> ASSIGNED TASK
Give back exactly the lines from the start of the entries below to the line holding "C:Program FilesSteam - Lokaliserensteamclient64.dll, klik", that line included, and leave every picture out.

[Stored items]
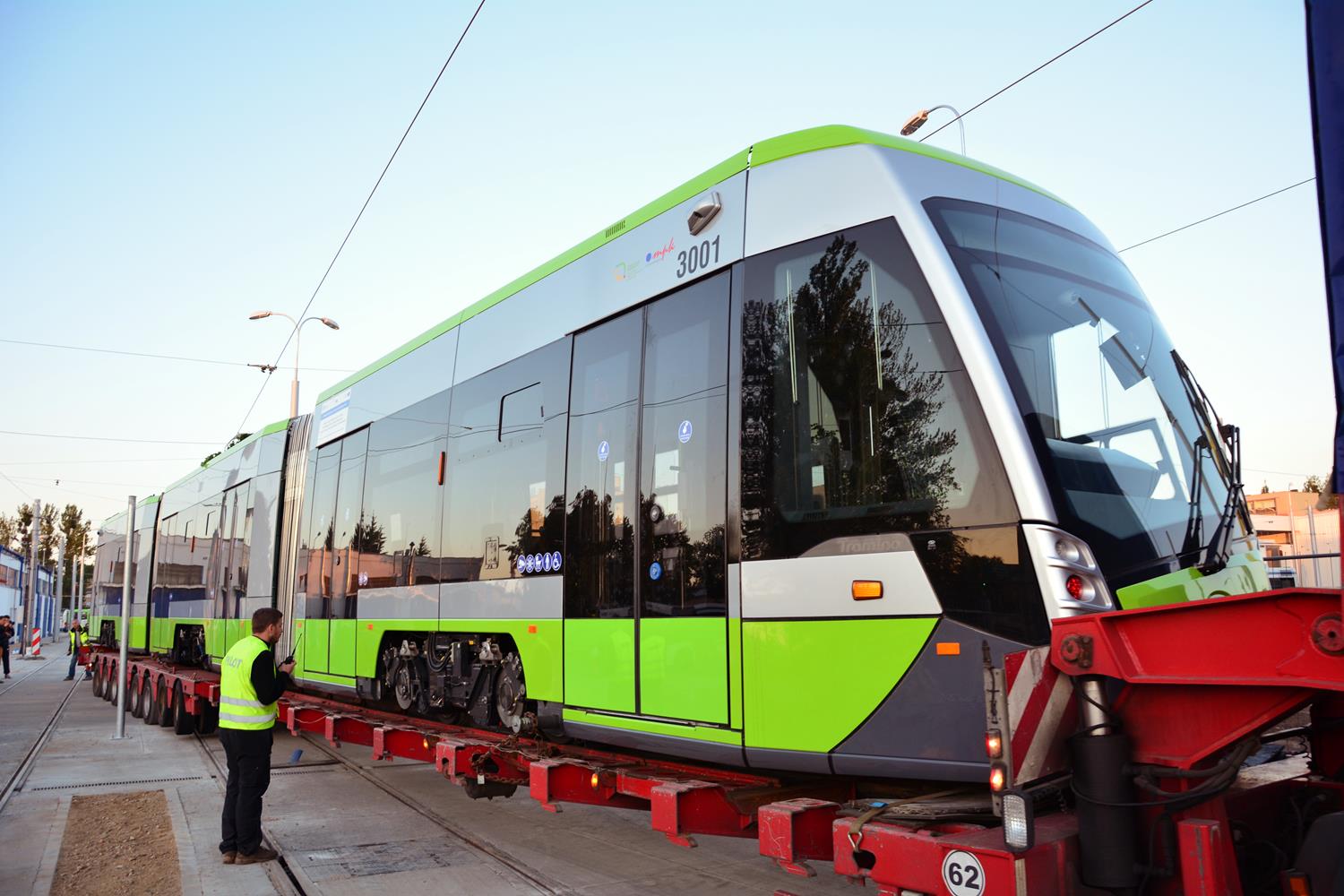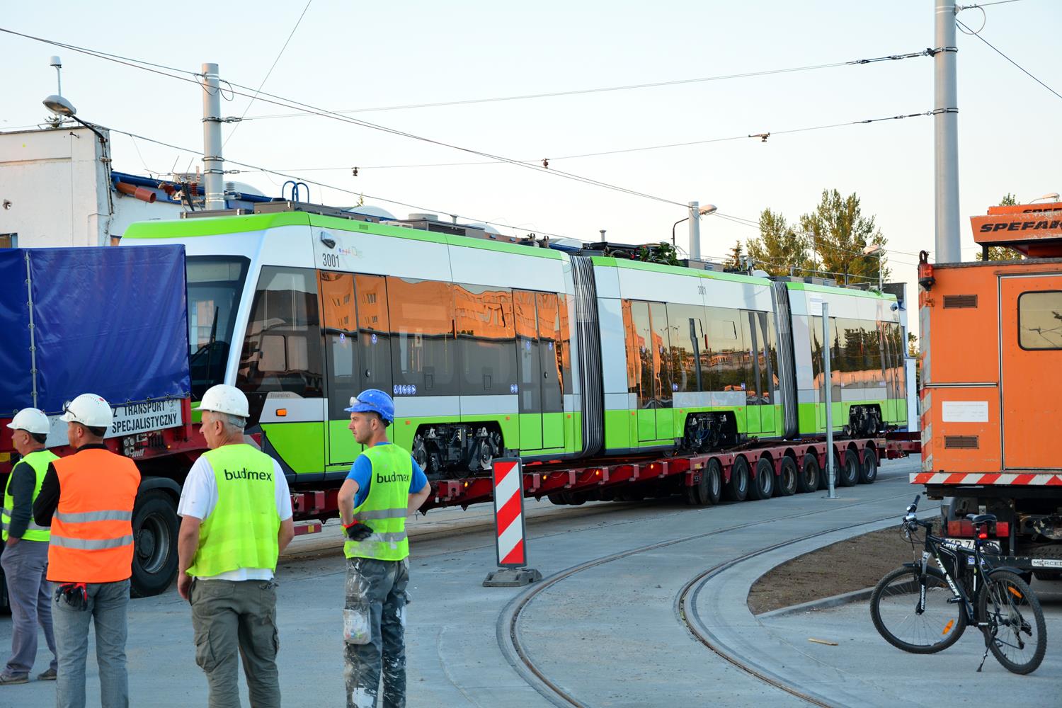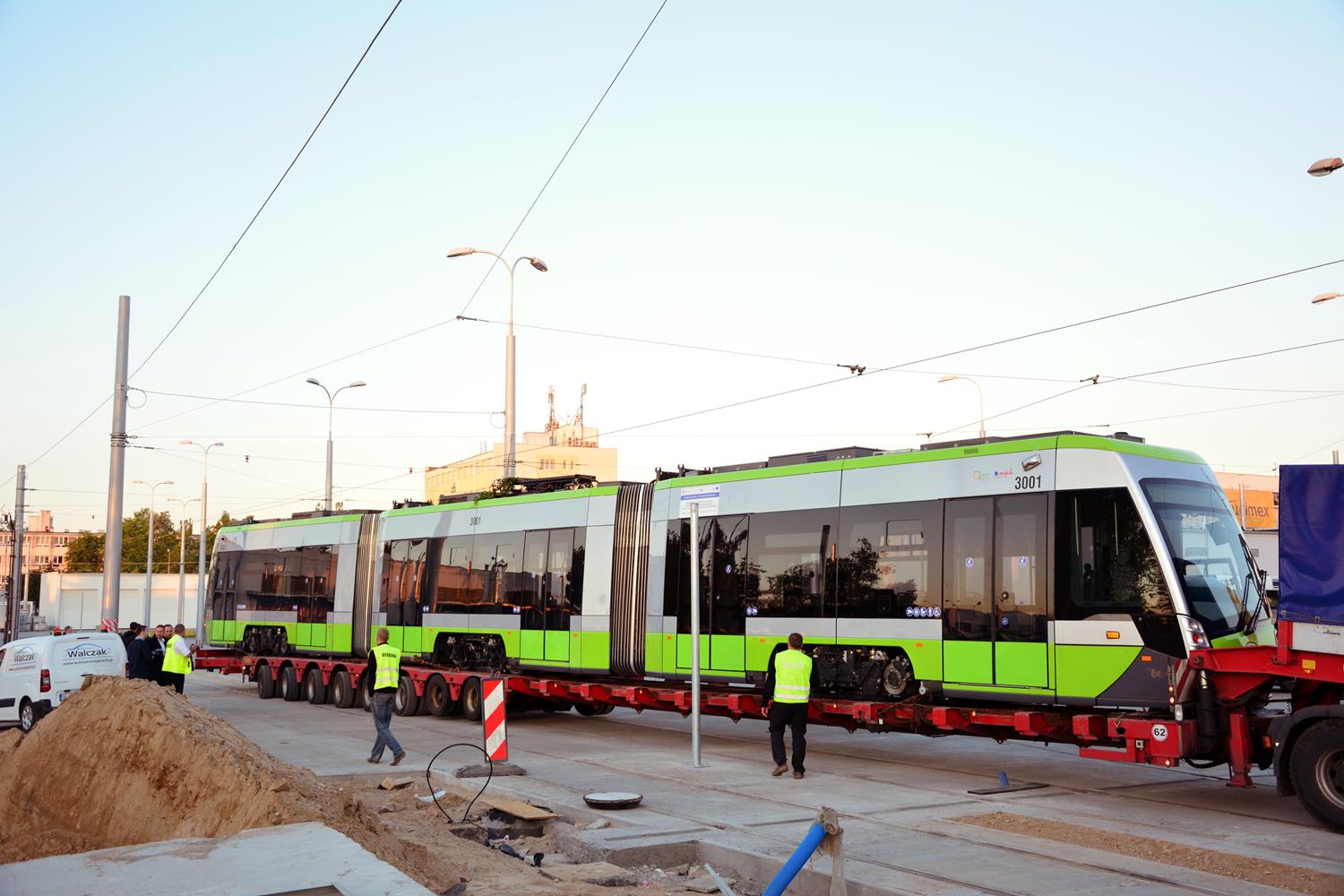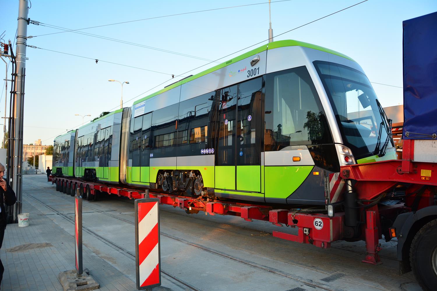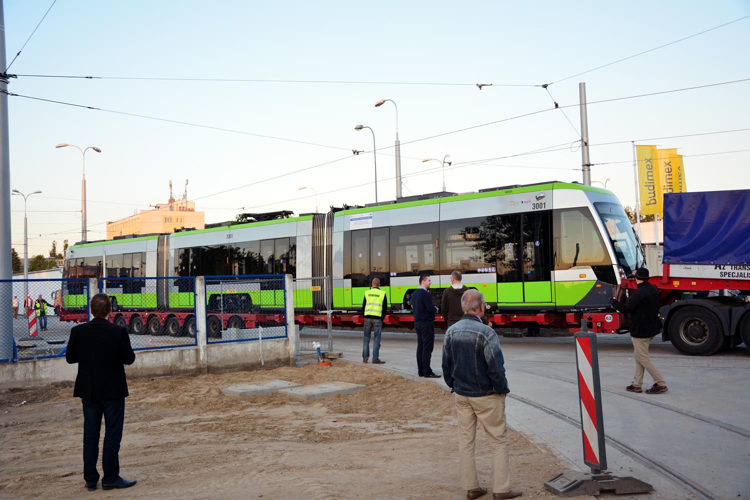 Na tę chwilę czekali nie tylko urzędnicy, ale i mieszkańcy. W końcu dotarł pierwszy tramwaj, który stał się symbolem i niezaprzeczalnym faktem, że w Olsztynie naprawdę będą jeździły pojazdy szynowe. Spora liczba gapiów powitała o tak wczesnej porze pierwszy skład Solarisa Tramino ubranego w srebrno-limonkowe barwy. Pojazd oznakowano numerem taborowym 3001. Na lawecie przywieziono go od strony Butryn. Następnie m.in. ulicami Płoskiego, Wyszyńskiego i Leonharda do Towarowej.
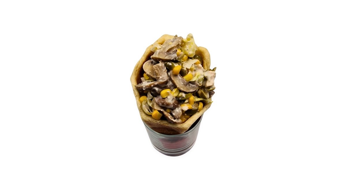 Tejszínes csirkemell, saláta, majonéz, kukorica, olíva, gomba
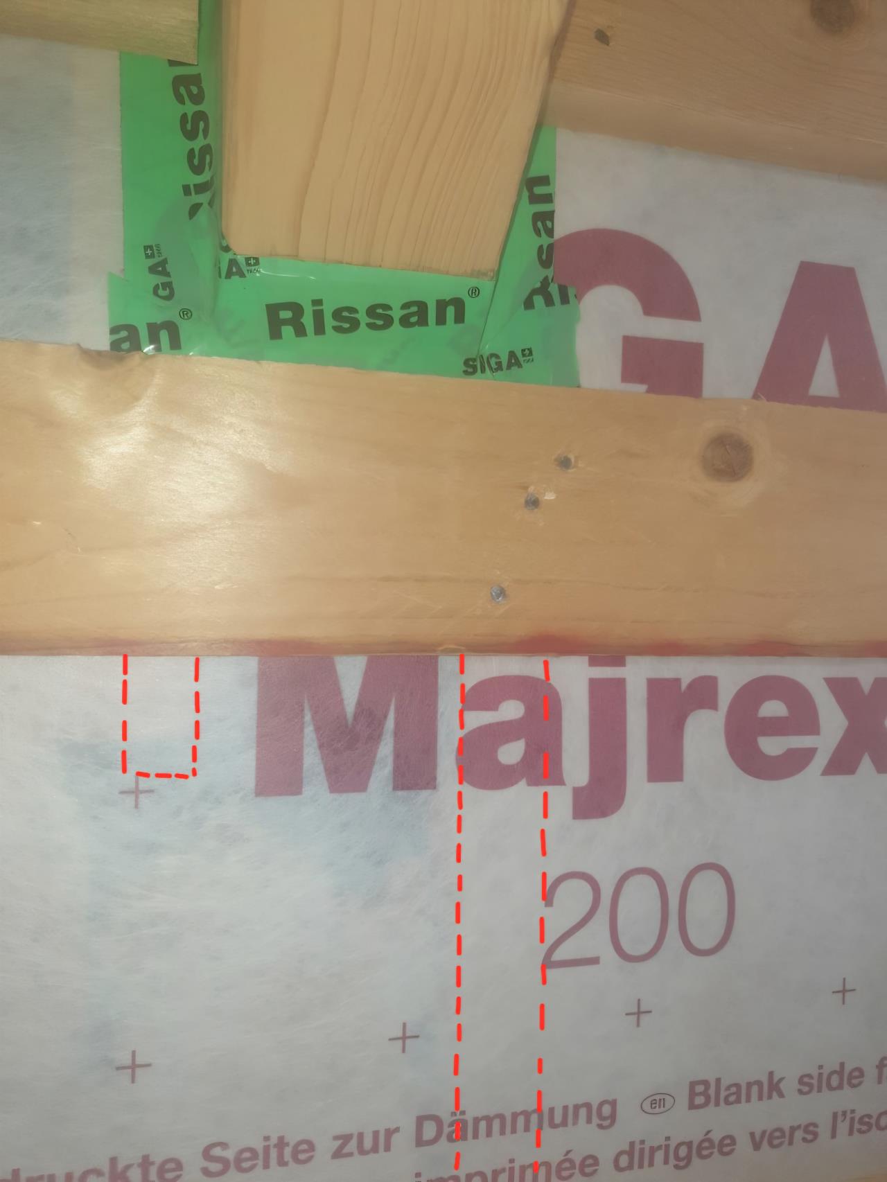 Ich hab die Konstruktion nochmals erfühlt, um das Problem irgendwie rausfinden zu können. Ich glaube dass es an dem überstehenden Hilfssparren liegt, der unter den kehlbalken einen "Dämmschatten" bildet. Ich nehme an, dass man den Hilfssparren (Ich weiß nicht ob das der richtige Begriff ist) links vom Kehlbalken bündig abschneiden hätte können. Außerdem hätte man das beim Einblasen vermutlich auch noch leicht abfangen können wenn man diese Stellen gesondert mit der Lanze berücksichtigt hätte. |
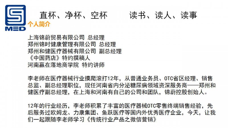 《傳統(tǒng)行業(yè)下之產(chǎn)品微信營銷(二)》——鄭州和健醫(yī)療器械有限公司 副總經(jīng)理 李海勇先生
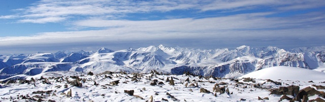 В противоположную сторону открывается красивейшая панорама, виднеются Купол, Караташ, Снежная, Южно-Чуйский Хребет и даже что-то за ним… ( http://fotki.yandex.ru/users/dsilevi/view/192847?page=0 )
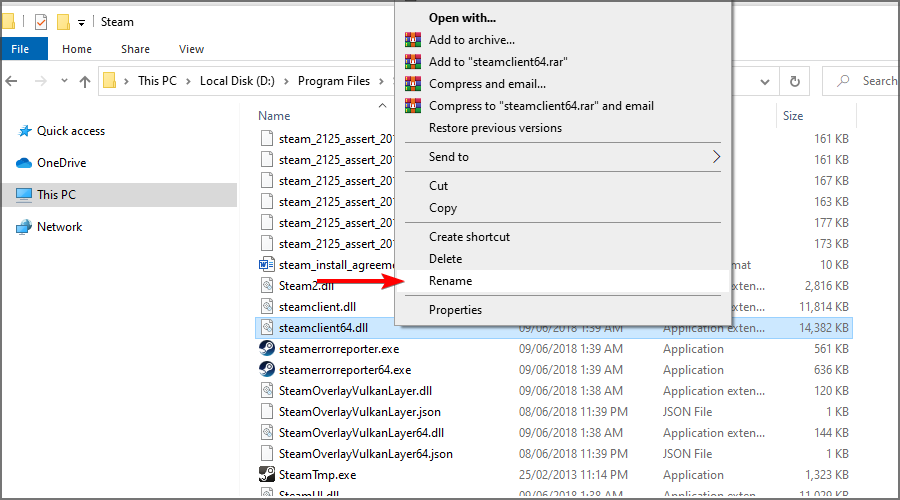 C:Program FilesSteam - Lokaliserensteamclient64.dll, klik met de rechtermuisknop en kies Naam wijzigen.
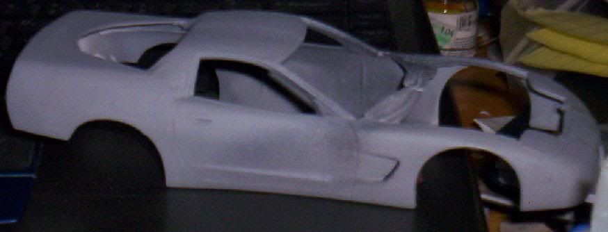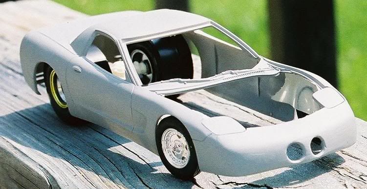 this kit started out as a 2004 revell z06 special edition. (dont worry, i've got another z06 i picked up on e-bay for .99 lol) after mocking up the rear drive line, i noticed that the rear-end/top fuel tire combo was WAY too narrow. Well my reference disk hadn't arrived yet so i contacted chris at TEM ([email protected]) give him a shout he's a great guy. and he gave some advice on the body work. This led me to my most extensive body mods to date. step number one was to narrow the body 8 scale inches (about 5/16ths) this is where i am at so far. The rear deck needs to be moved upward so that it will have plenty of room for those massive rear meats. nose in the weeds tail in the air, right chris? lol. i've got the turbo inlets cut in the front fascia. that gave me fits when narrowing the body, i had to take approx 2.5/16ths out on each side of those inlets. talk about fun........ i will probably add a lip or chin spoiler to the front of hte car to bring the nose down some, as well as some ground effects to the side of the car to lower it as well, got to make it look wicked fast. finally will be the rear wing. pro mod hugeness!!!Engine plans. as mentioned before this will be a twin turbo car . I love twin turbos. I've got a blower car. i need a twin turbo and an NOS car. when i finally get the TEM 68 camaro it will be my nitrous car. as soon as their 3 stage nitrous engine kit comes out....can't wait for that one!!!! there will be tons of scratchbuilding on this one. the intake will have to be custom, all of the piping, and plumbing.chassis/interior. the chassis will be one of my brass rod creations (hobby lobby here we come!!) the interior tub will be built out of styrene sheet just like the one on my mustang. i will make sure that the chassis resembles the dual rail style as much as possible. that is it so far. i've got another long painful build ahead of me. i have learned a lot with my mustang....dont paint anything until you have it ALL finished and ready for final assembly. lol ![]() ![]() ![]()
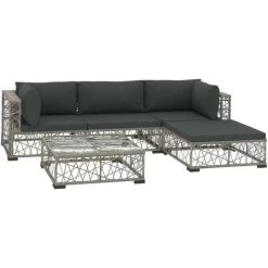 Hommoo 5 Piece Garden Lounge Set With Cushions Poly Rattan Grey VD34022
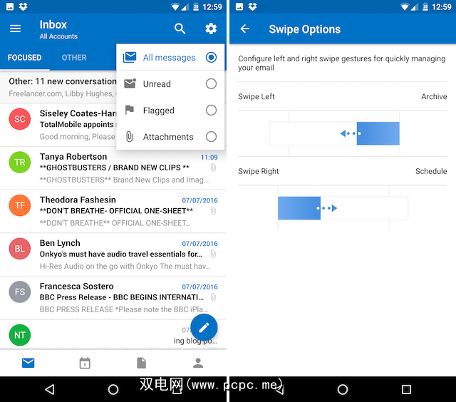 这些其他应用大多将滑动功能限制为删除,存档或计划,而Boxer可让您从11个功能中进行选择并分配向他们显示四个轻扫手势(左右滑动一遍)。
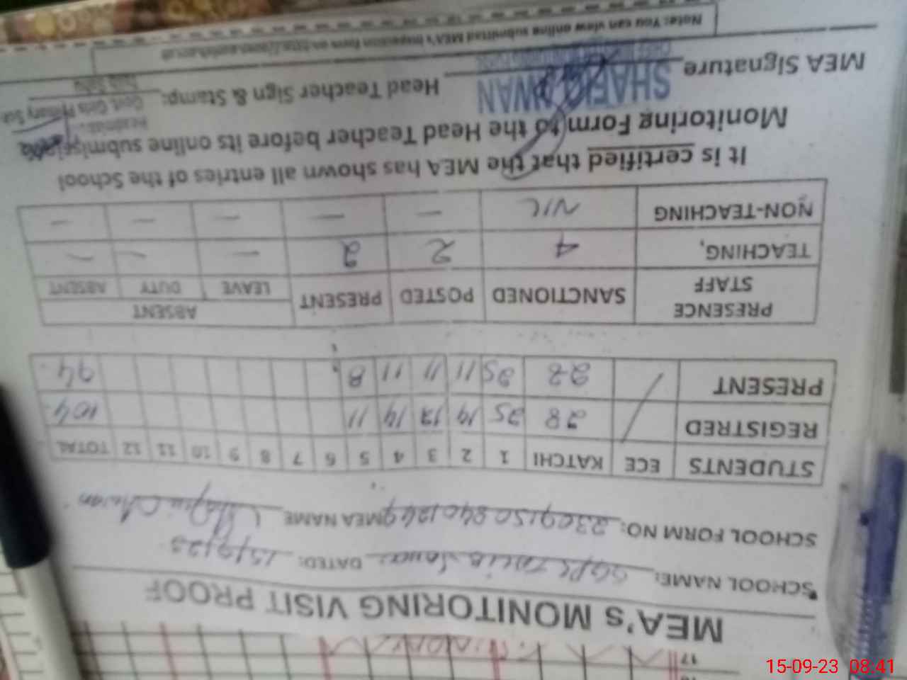 | Attendance Register | Head Teacher | MEA with School | Visit Proof |
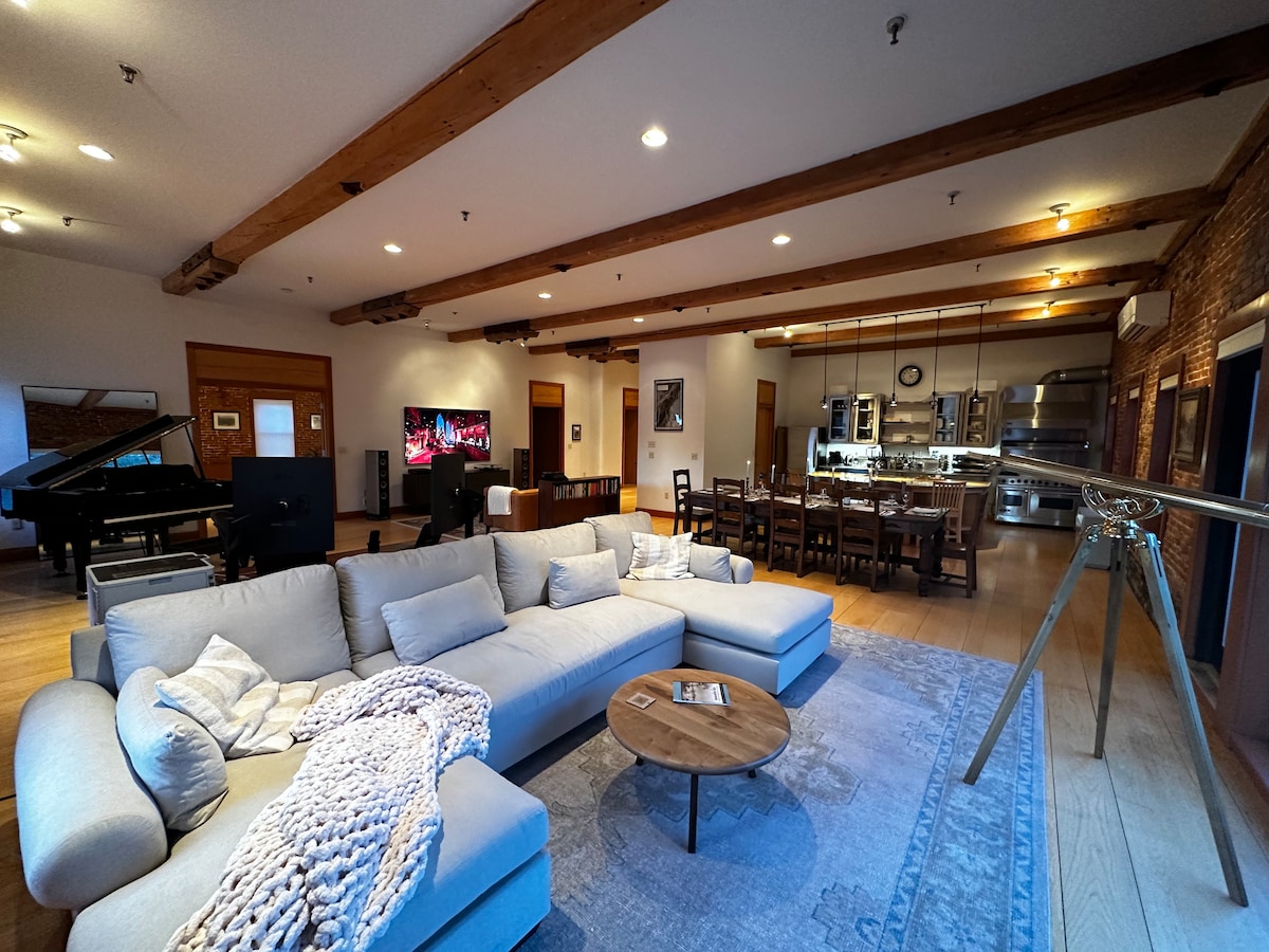 Immerse in tranquility at our serene mill retreat in Southern NH. This historic space, adorned with original timber, rustic brickwork, and lofty 11 ft ceilings, offers a spacious 2,650 sq ft sanctuary. Relax in the soaking tub, or savor the calming waterfall views from the deck. Conveniently near downtown, but distant enough for undisturbed peace. Welcome to your soothing retreat for rest and rejuvenation. A remote worker's dream office with high speed connectivity and dedicated remote workspace
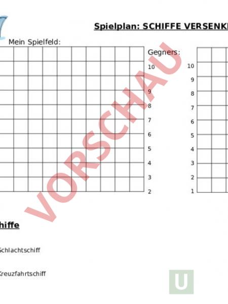 Spielplan: SCHIFFE VERSENKEN Mein Spielfeld: Spielfeld meines Gegners: 10 10 9 1 Schiffe 1x Schlachtschiff 2x Kreuzfahrtschiff 9 8 8 7 7 6 6 5 5 4 4 3 3 2 2 1 2x Fähre 3x U-Boot B X X X X X E F G Schiffe Gegner 1x Schlachtschiff H I X X X 2x Kreuzfahrtschiff 2x Fähre 3x U-Boot X X X X X X X
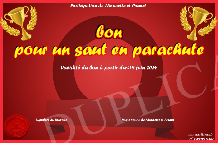 Envoyez par email votre bon pour un saut en parachute personalisé
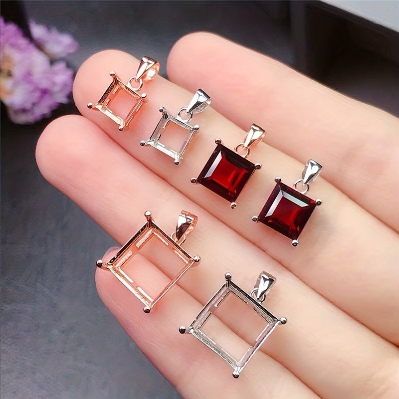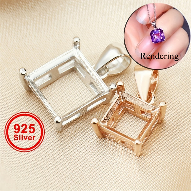 Create your own unique pendant with this Square Prong Bezel Tray setting. Made of solid 925 sterling silver with a rose golden finish, perfect for showcasing gemstones.
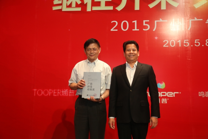 廣告終身成就獎由廣州市廣告行業(yè)協(xié)會秘書長金培武先生和廣東省廣告股份有限公司名譽(yù)董事長戴書華先生獲得。

> ANSWER TO THIS TASK
 Na tę chwilę czekali nie tylko urzędnicy, ale i mieszkańcy. W końcu dotarł pierwszy tramwaj, który stał się symbolem i niezaprzeczalnym faktem, że w Olsztynie naprawdę będą jeździły pojazdy szynowe. Spora liczba gapiów powitała o tak wczesnej porze pierwszy skład Solarisa Tramino ubranego w srebrno-limonkowe barwy. Pojazd oznakowano numerem taborowym 3001. Na lawecie przywieziono go od strony Butryn. Następnie m.in. ulicami Płoskiego, Wyszyńskiego i Leonharda do Towarowej.
 Tejszínes csirkemell, saláta, majonéz, kukorica, olíva, gomba
 Ich hab die Konstruktion nochmals erfühlt, um das Problem irgendwie rausfinden zu können. Ich glaube dass es an dem überstehenden Hilfssparren liegt, der unter den kehlbalken einen "Dämmschatten" bildet. Ich nehme an, dass man den Hilfssparren (Ich weiß nicht ob das der richtige Begriff ist) links vom Kehlbalken bündig abschneiden hätte können. Außerdem hätte man das beim Einblasen vermutlich auch noch leicht abfangen können wenn man diese Stellen gesondert mit der Lanze berücksichtigt hätte. |
 《傳統(tǒng)行業(yè)下之產(chǎn)品微信營銷(二)》——鄭州和健醫(yī)療器械有限公司 副總經(jīng)理 李海勇先生
 В противоположную сторону открывается красивейшая панорама, виднеются Купол, Караташ, Снежная, Южно-Чуйский Хребет и даже что-то за ним… ( http://fotki.yandex.ru/users/dsilevi/view/192847?page=0 )
 C:Program FilesSteam - Lokaliserensteamclient64.dll, klik met de rechtermuisknop en kies Naam wijzigen.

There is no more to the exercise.